Given information:
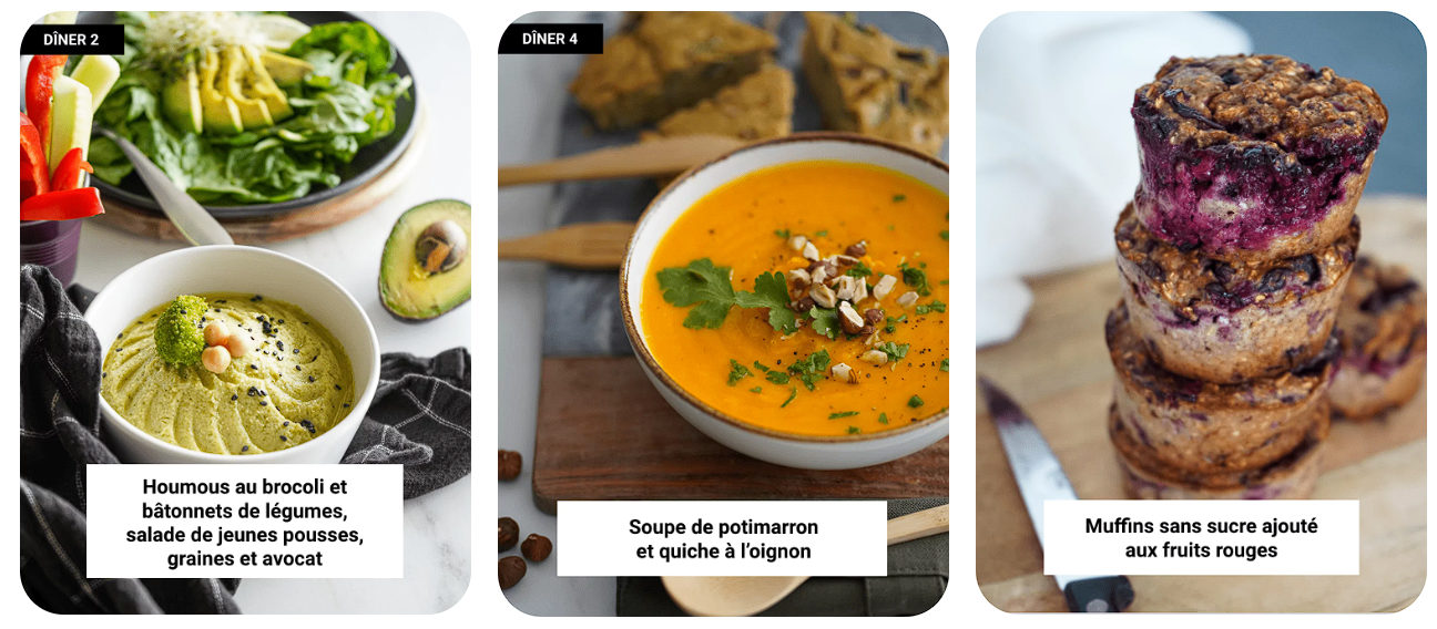 Chaque semaine : les recettes de tes 5 dîners, planifiés pour toi (et ta famille), optimisés pour le zéro gaspi et ce dont ton corps a besoin
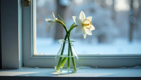 White daffodils in vase on a windowsill in winter
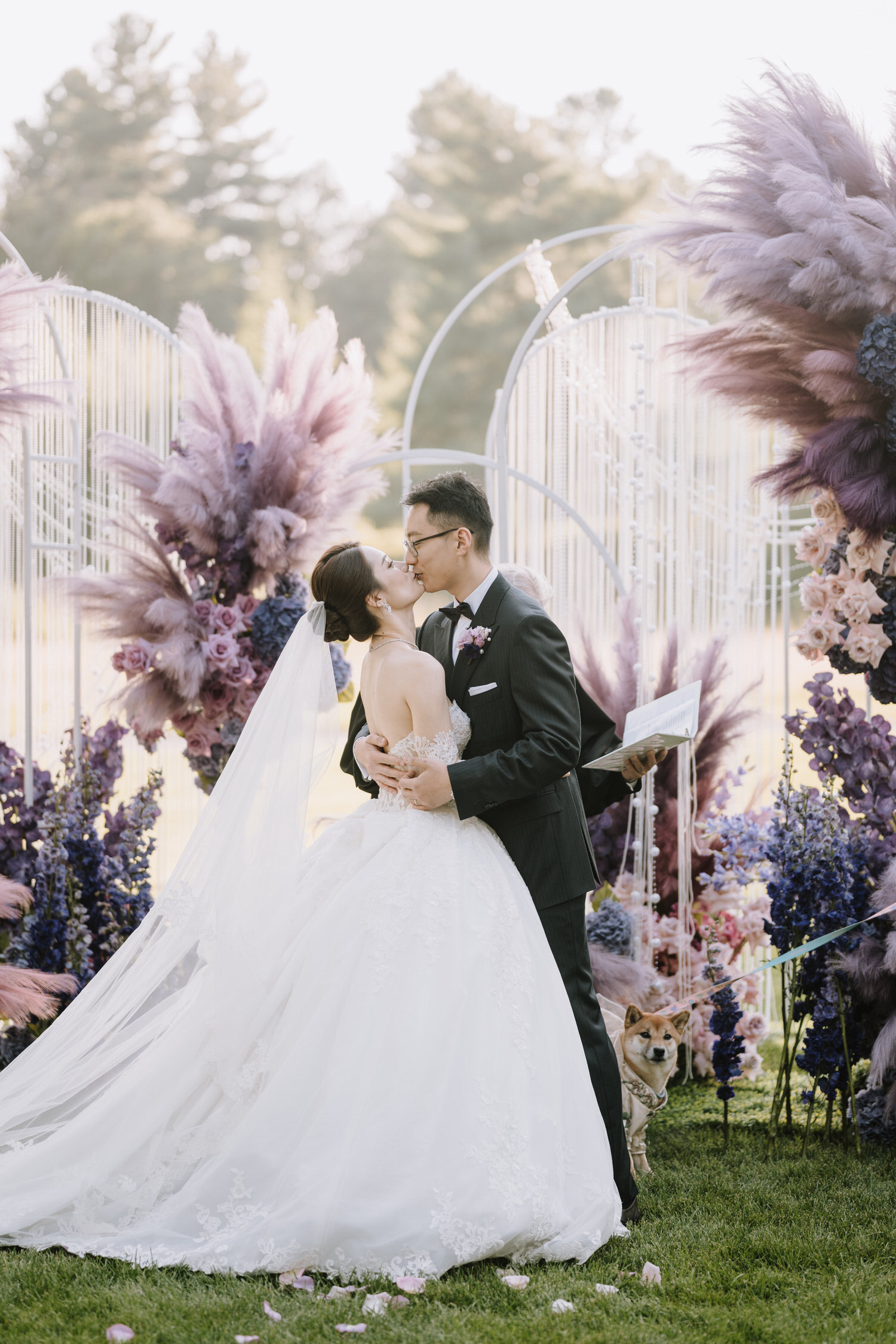 A bride and groom share a loving kiss at their Harry Potter and Great Gatsby-inspired outdoor wedding. The bride dazzles in her flowing white gown and veil, while the groom looks dapper in a dark suit, surrounded by tall, colorful blooms. Nearby, a small dog adds charm to this enchanting scene.

Task instructions:
Where pictures appear, drop them, and reproduce exactly only the lines running from the beginning of the data to the line that contains "White daffodils in", inclusive.

Task result:
 Chaque semaine : les recettes de tes 5 dîners, planifiés pour toi (et ta famille), optimisés pour le zéro gaspi et ce dont ton corps a besoin
 White daffodils in vase on a windowsill in winter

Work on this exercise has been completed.